The homemade rowing machine looks something like this when finished.
ILLUSTRATION: RODNEY A. OKYNE
Comedy, like beauty, is in the eye of the beholder. I find humor less in the frantic arm wavings and screechings of sitcom actors than I do in the infomercials that plague nearly every TV station from time to time. My favorites, hands-down, are those shilling the head-spinning diversity of exercise machines, in which spandex-clad pituitary cases shoutingly suggest that if you buy their $399 "Ultimo Gym, "your business, love, and dream life will take on magnificent proportions.

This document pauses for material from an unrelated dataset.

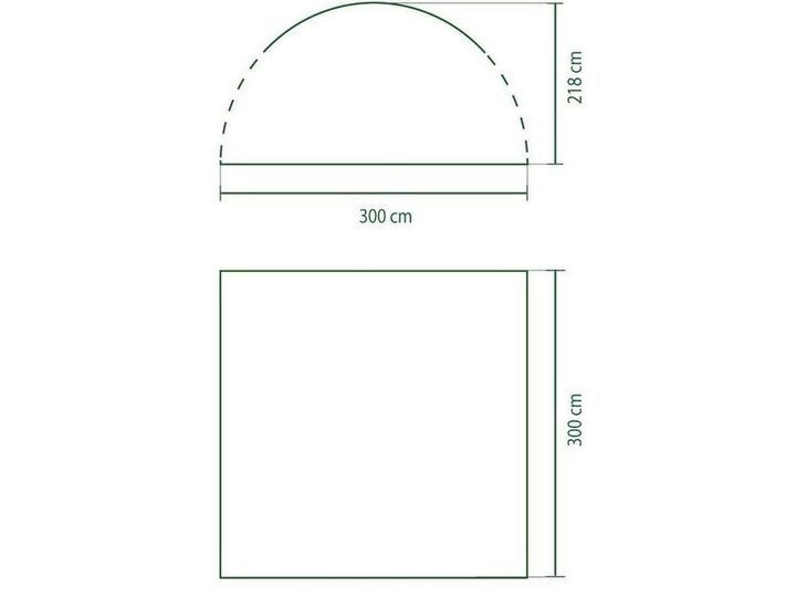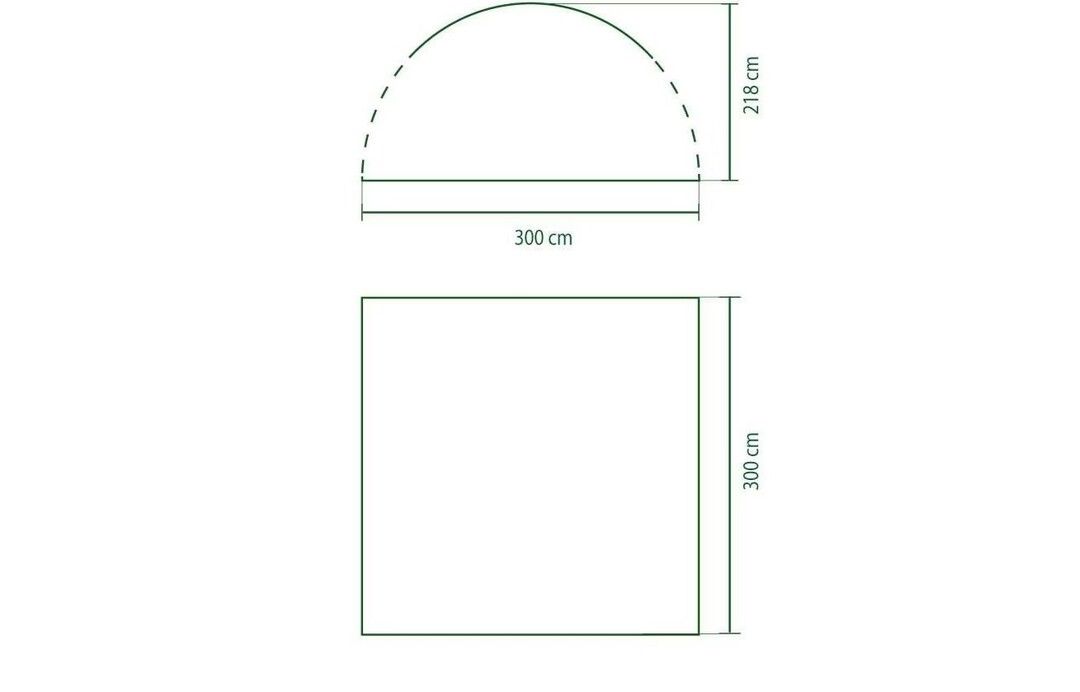 Mål: 3 x 3 m Areal: 9 m² Høyde: 210 cm i midten / 179 cm på sidene Materiale: Polyesterstoff Stamme: Stålramme

We sat around thinking these thoughts at a meeting at which several of the best woodshop projects of the past month were put through their paces. Graeme Knight's simple and clever homemade rowing machine won, not least because it's getting cold and chopping wood once a week just isn't going to keep those holiday drones from taking permanent residence on our haunches. Rowing works virtually every muscle group in the body, and it doesn't require an "Ultima Gym " to do properly. The rest of these words are Graeme's, and begets a round of kudos from we tinkerers.—Matt Scanlon
With about $70, a single sculling seat, a pair of sculling grips, and a number of 10-pound weights, it is possible to build a rugged and dependable rowing machine. Refer to the 171-homemade-rowing-machine-diagram pdf as you follow the instructions below.
Rear Frame Construction
The seat is constrained within two parallel wood strips screwed on top of 2 x 4 lengths. The space between the strips should allow 1/8" clearance outside the seat wheels.
Two 1 1/2" x 7/8" x 3/8"-thick pieces of wood are used to stop the sculling seat from sliding off the back of the rower.
Drill four 3/8"-diameter holes at the front of the frame to enable the rear frame to be bolted to the front, using 3 1/2"-long coach bolts, spring washers, and nuts.
Front Frame Construction
Cut all of the 2 x 4 and the 5/8" x 4 1/2" material to length.
Cut a 3/8"-diameter steel shaft to length (6", by these plans), so that it passes 1" into one of the 24 1/2"-high pieces and protrudes 1/8" outside of the opposite 24 1/2"-high piece.
Assemble the two side frames using coach bolts, spring washers, and nuts. The two frames should be carefully aligned before drilling the holes for the lower pulley shaft. After drilling the holes, place the steel pulley shaft in position to keep the two side frames aligned. Then position the two 20"-long top pieces and drill the 3/8"-diameter holes for the top pulley shaft (use a 5"-long coach bolt for this upper shaft).
Bolt the two side frames on either side of the rear frame and install the pulleys with a suitable number of 1"-outside-diameter x 3/8"-inside-diameter packing washers, as shown on the plan view drawing. (I used six 3/64"-thick washers on each of the two pulley shafts.)
Cut two 9 1/2"-long foot rests from 2 x 4 material and screw them to wedges mounted on the 54"-long inclined pieces.
Assembling the Weight System
Cut a 9 1/2" length of 3/8"-diameter rope and tie it to a 1 1/2"-diameter dowel. Feed the other end of the rope over the two pulleys and attach to the desired number of 5-pound and/or 10-pound weights.
If four 10-pound weights are used and the distance through which they are raised is 41", then the work per stroke is: 41"/12 x 40 Ibs = 137 ft-Ibs. If this work is done in 1.08 seconds (which corresponds to 120 strokes in 4 minutes, 15 seconds) the power is 137 ft-lbs/1.08 secs x 1.356 = 171.6 watts (or 0.23 hp). To calculate other powers, use the following equation: power (watts) = 0.113 x distance load is raised (inches) x total weight (lbs)/time (secs).